Building on the success of these language models, researchers extended pretraining paradigms to multimodal domains. For instance, VilBERT [2] was among the first to jointly model textual and visual information, demonstrating that leveraging cross-modal data could significantly enhance representational learning. This concept was later enriched by works such as [3,4,5,6], which further integrated additional modalities, including audio, to better capture the nuances of human sentiment.

While conventional fine-tuning of pretrained models has shown considerable promise, it is often accompanied by challenges such as catastrophic forgetting [7]. To mitigate these issues, alternative strategies like prompt tuning [8] and its enhanced, trainable variant—soft prompting [9,10]—were proposed. In parallel, the introduction of adapter modules [11] provided an elegant solution by allowing task-specific adjustments without altering the core pretrained weights, thereby preserving general knowledge while efficiently adapting to new tasks.

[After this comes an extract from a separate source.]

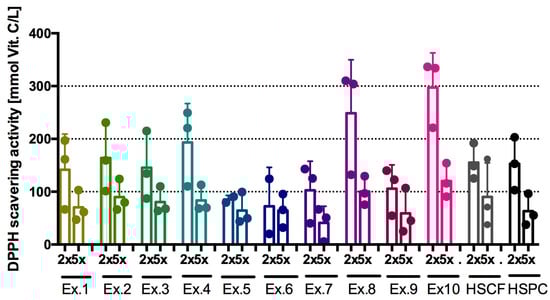 DPPH scavenging/antioxidant activity of extracts (DPPH test). Results from three separate experiments in duplicate are presented as mean ± SD; 2×, 5×—dilution of extract; Ex.1 = HSCF_XL20; Ex.2 = HSPC_XL20; Ex.3 = HSCF_XL30; Ex.4 = HSPC_XL30; Ex.5 = HSCF_XL40; Ex.6 = HSPC_XL40; Ex.7 = HSCF_FP; Ex.8 = HSPC_FP; Ex.9 = HSCF_FP_DL; Ex.10 = HSPC_FP_DL.

Recent research has further refined the integration of multimodal information by developing hybrid approaches that combine frozen language representations with lightweight fusion techniques. Notable examples include methods such as Frozen [3] and MAGMA [4], which strategically intersperse adapter layers within a fixed language model to incorporate complementary signals from audio and visual streams. The design philosophy behind Flamingo [12] further underscores this trend by advocating for flexible encoders that dynamically convert visual inputs into fixed-length token sequences for seamless integration.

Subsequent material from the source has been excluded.